USU professor’s work advances in synthetic spider silks

From left, Utah State University biology professor Randy Lewis, postdoctoral researcher Ibrahim Hassounah and senior research scientist Justin Jones purify synthetic spider silk produced from transgenic bacteria. Lewis recently received $1.9 million in DOE funding.

Utah State University Professor Dr. Randy Lewis is known internationally for his pioneering work in producing synthetic spider silk. His early research began at the University of Wyoming.

“My lab supplied the genes, we were the first ones to isolate and clone the genes for the spider silk proteins from the spiders,” Dr. Lewis explains. “Then we worked with a company that was up in Canada with the expertise in how to get these genes into goats and get them to produce the spider silk protein in the milks.

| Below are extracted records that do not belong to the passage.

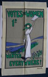 Scope and ContentCream with green and blue lettering and illustration of female figure "Votes for Women 1d. wanted everywhere"
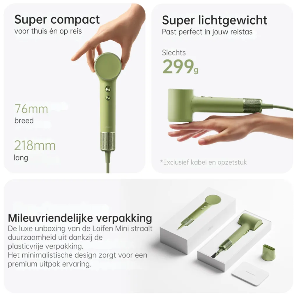 De Laifen Mini is misschien wel kleiner dan andere Laifen haardrogers, maar is voorzien van dezelfde soorten krachtige technologie. Het ergonomische design zorgt ervoor dat de föhn goed in de hand ligt. De geluiddempende technologie zorgt er daarnaast voor dat er slechts 61dB geluid wordt geproduceerd tijdens het drogen van je haar.
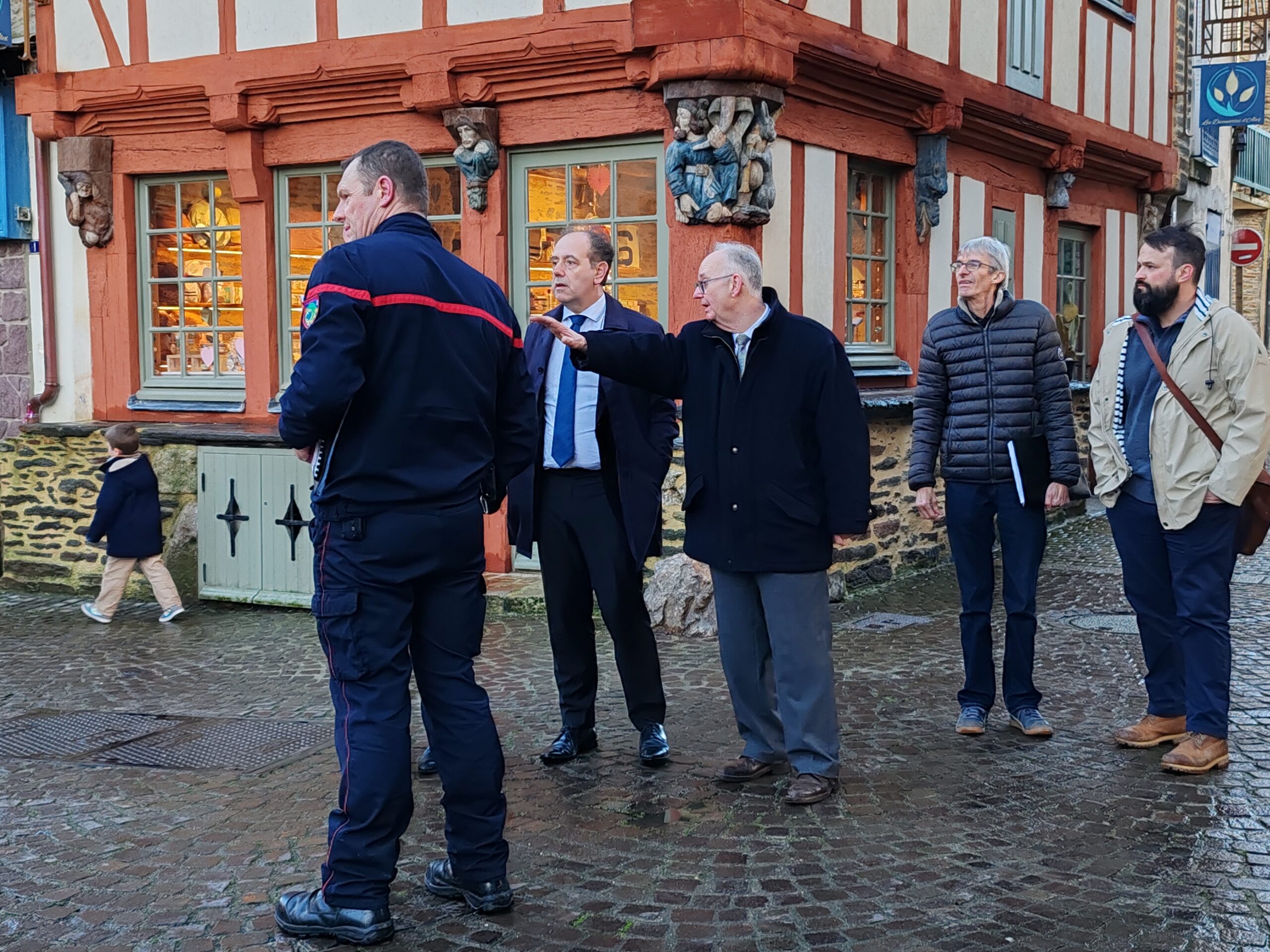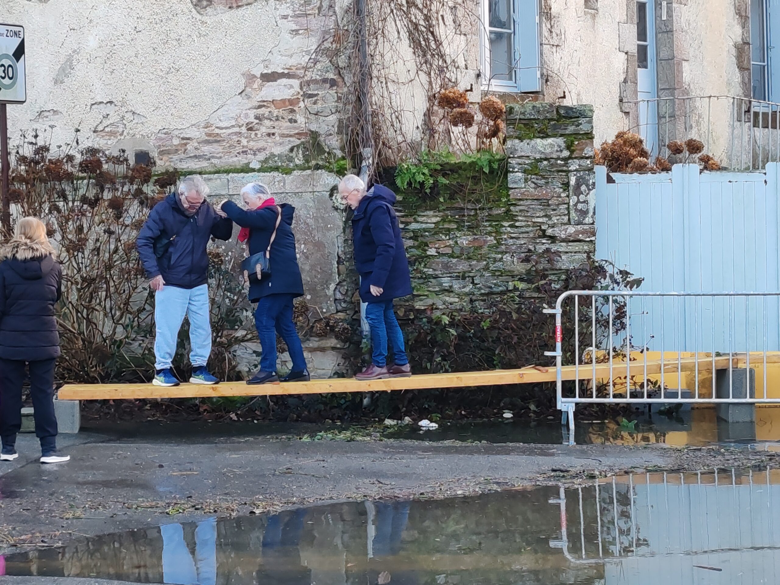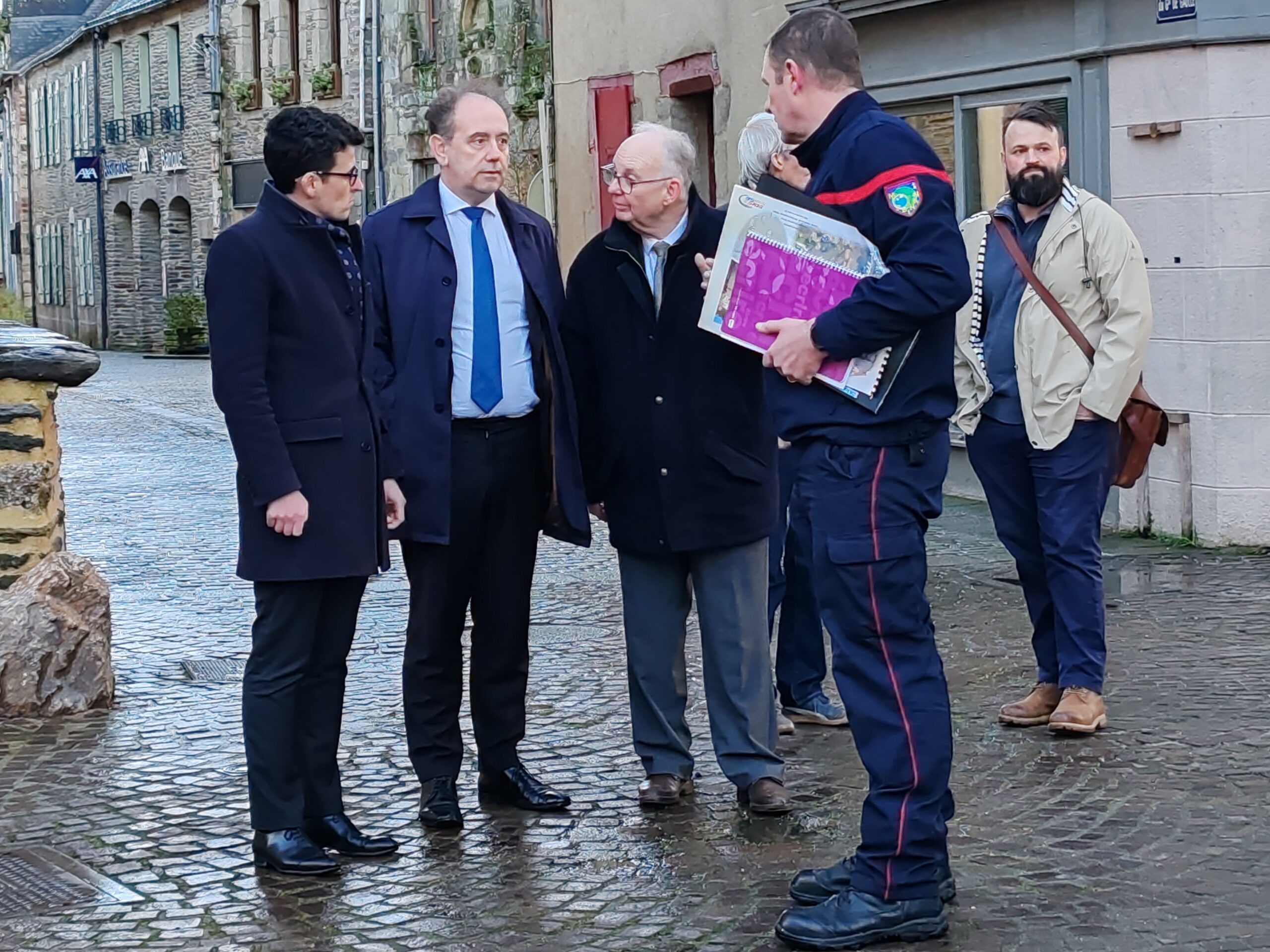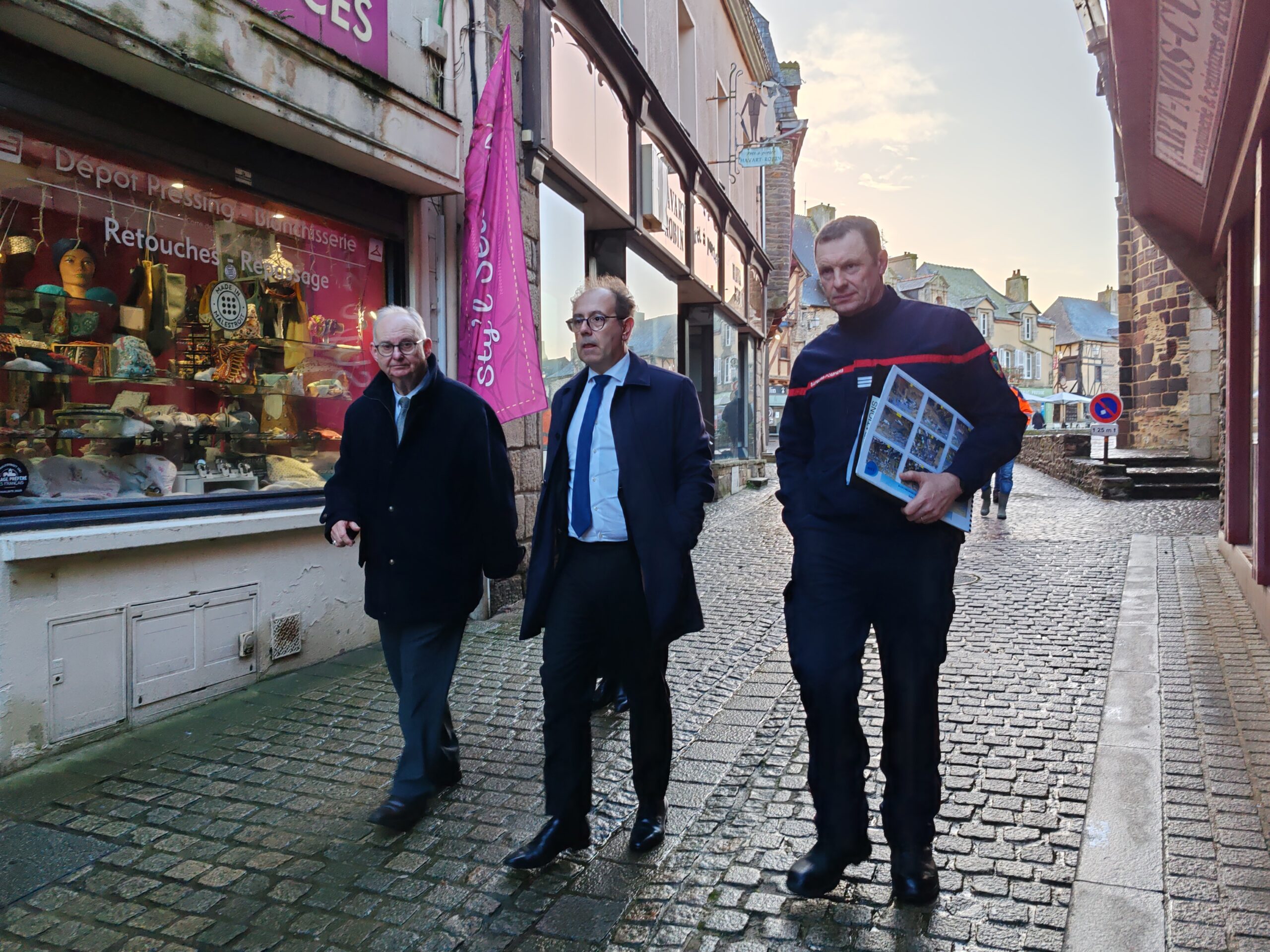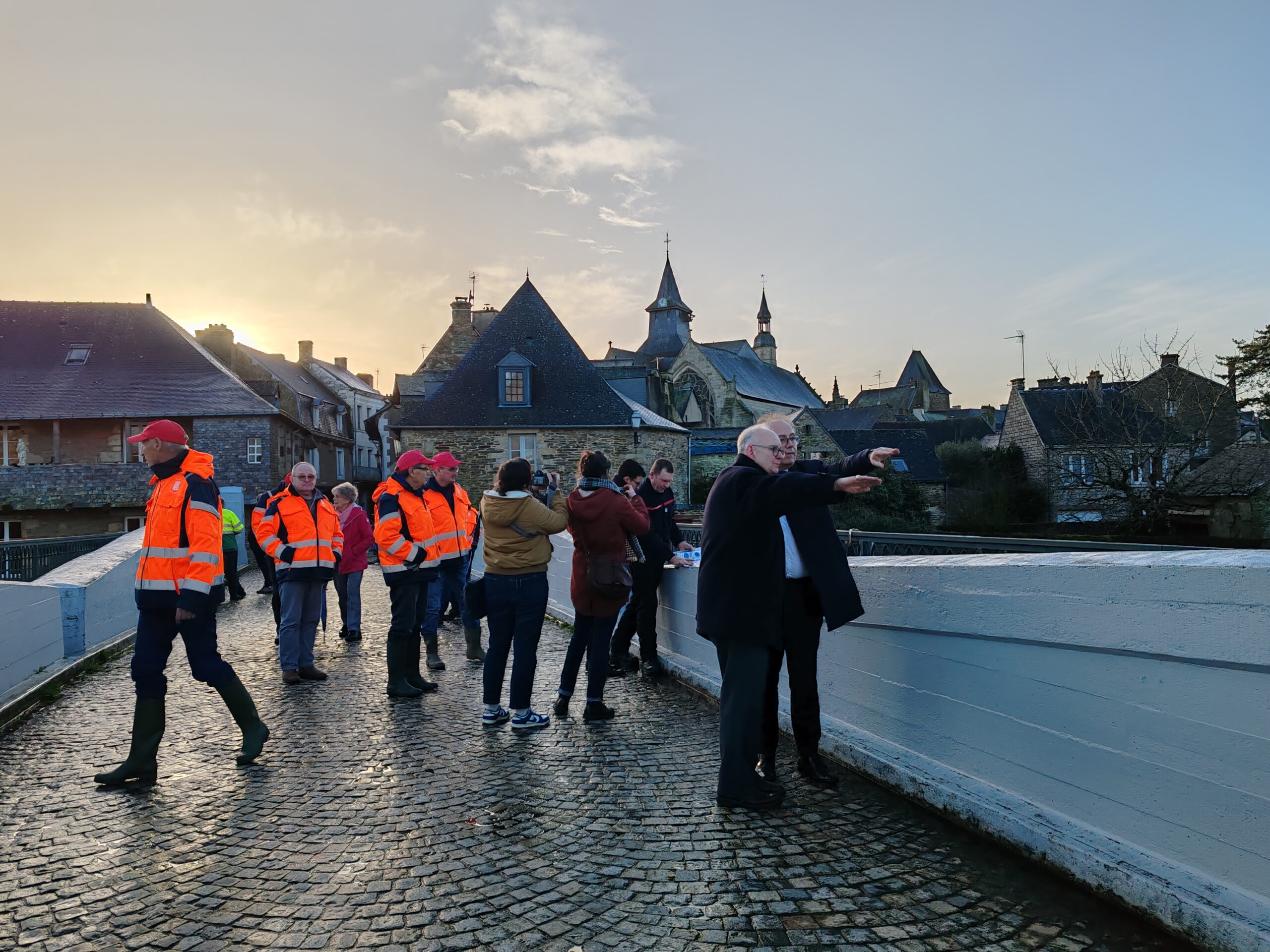 Le préfet du Morbihan, Michaël Galy est venu ce jeudi après-midi à Malestroit, prendre la mesure de la situation liée aux inondations consécutives aux fortes pluies qui se sont abattues sur le territoire ces derniers jours. Ce matin, Bruno Gicquello, le maire de Malestroit a activé le plan communal de sauvegarde et mobilisé la réserve communale de sécurité. Un certain nombre de mesures ont été prises dans la journée pour faire face à la montée des eaux. C’est notamment l’interdiction d’utiliser les terrains du complexe sportif mais aussi le parking de la salle des fêtes qui est sous les eaux. Un cheminement sur des bastaings posés sur des parpaings a été installé pour permettre aux habitants de la résidence riveraine de l’Oust place Bonsergent de sortir et de rentrer chez eux.
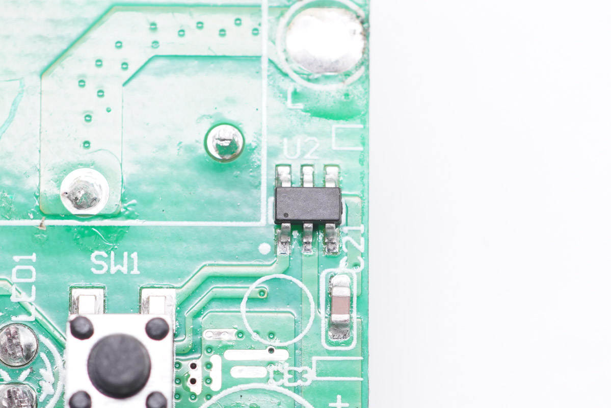 一顆無絲印六腳芯片,信息不詳,用于控制插座開關。
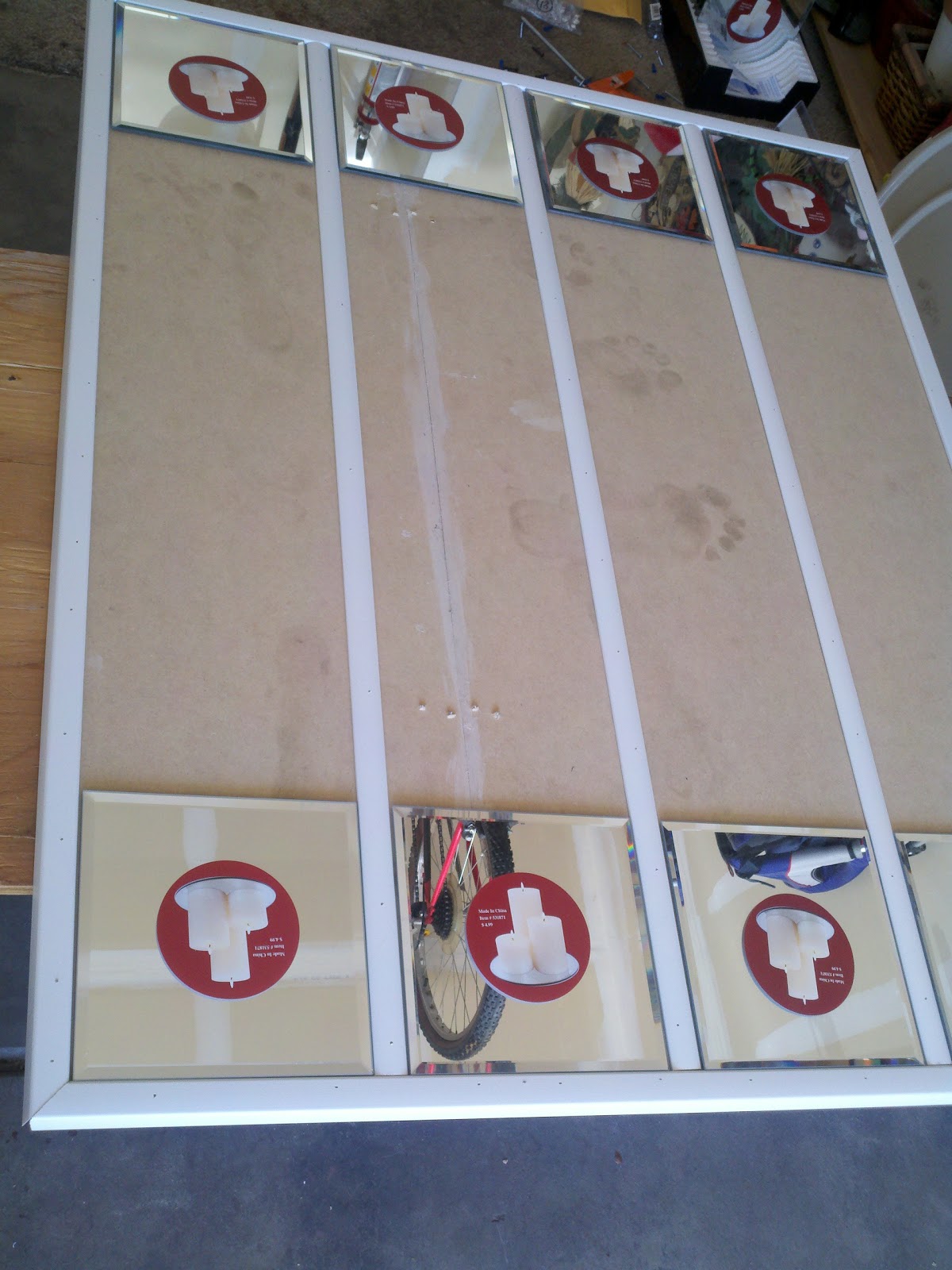 Next, I placed the long middle molding on like so…and placed mirrors in place to make sure everything would fit correctly…
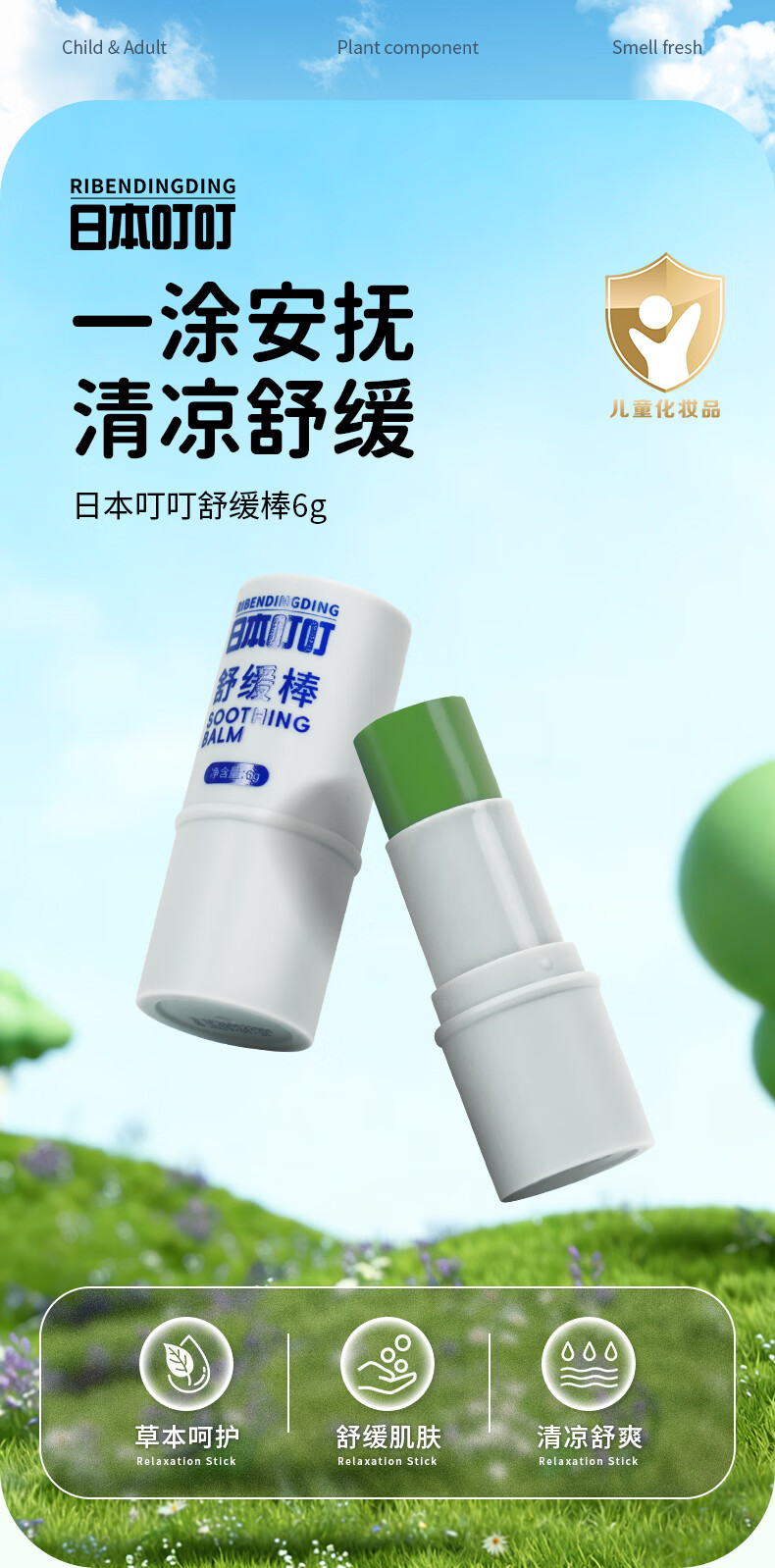 日本叮叮婴儿童止痒舒缓棒防叮咬消包草本清凉膏宝宝专用便携棒6g
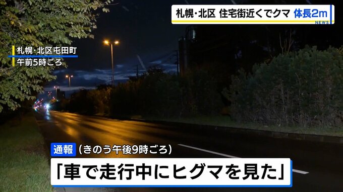 16日夜、札幌市北区屯田町の住宅街の近くで、体長2メートルほどのクマが目撃されました。 16日午後9時ごろ、札幌市北区屯田町の道道128号で、帰宅中の男性から「車で走行中にヒグマを見た」と110番通報がありまし…
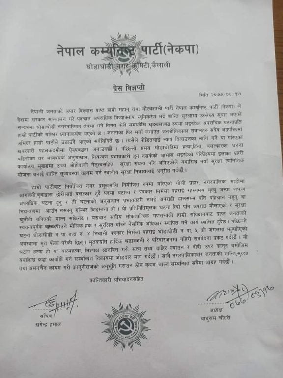 घोडाघोडीमा भएका अपराधिक घटनाप्रति नेकपाको ध्यानाकर्षण
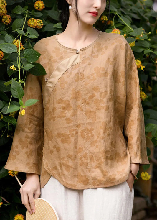 Yellow Button Print Linen Blouses O Neck Long Sleeve CG1045
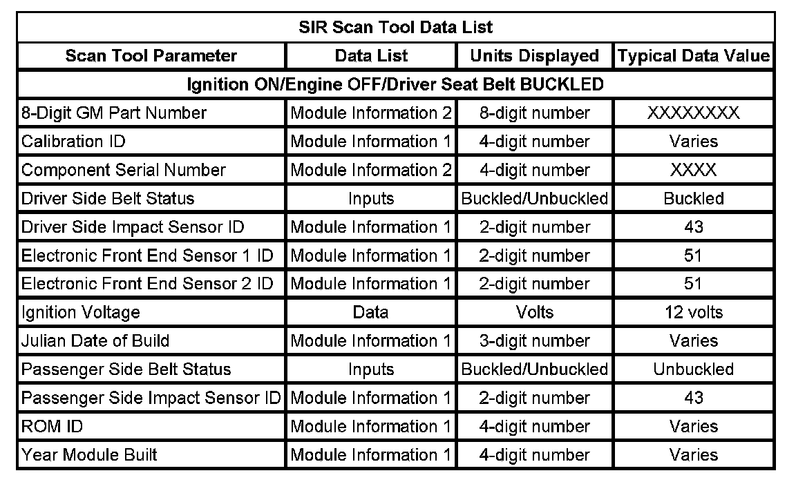 Use the SIR Scan Tool Data List as directed by a diagnostic table or to supplement the diagnostic procedures. Begin all of the diagnostic procedures with the Diagnostic System Check - Vehicle. Refer to the Diagnostic System Check - Vehicle. Use the SIR Scan Tool Data List after determining the following:
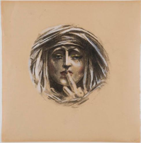Plus récemment, il a exposé à la Galerie Saint-Séverin à Paris, une œuvre surprenante intitulée Suzanne-Janet Préault (2011).[2] Il s’agit d’un portrait de Susan Janet Ballion (alias Siouxie Sioux) allié à la sculpture-médaillon d’Auguste Préault, Le Silence (1842-1843, Musée du Louvre, Paris). Verna a conservé le format médaillon, les drapés et la pose de la sculpture originale. Le doigt sur la bouche, Suzanne-Janet demande le silence. Le Silence est le fruit d’une commande pour la tombe de Jacob Roblès. Le visage féminin évoque donc le silence de la mort, le silence éternel. Sur un fond d’un noir intense, le visage de Suzanne-Janet apparaît comme une ombre, un fantôme. Elle semble surgir des ténèbres pour nous livrer un message macabre.

“It was a team effort with them supplying the technical know how for goats and us supplying technical know how for spiders.”

How far has the research progressed in 2018?

”We are at the level of beginning to develop prototypes, ranging anywhere from not just fibers, but we’ve found you can use these spider silk proteins to make coatings, to make films, to make gels.

“We are looking at a lot of different things other than just fibers. We’re looking at prototypes for things like coatings for catheter and various kinds of reinforced fibers for various kinds of military applications.”

Before his academic career Dr. Lewis was an accomplished wrestler at Cal Tech and May 20 will be one of five inductees into the school’s athletics hall of honor, recognizing his winning three individual conference championships.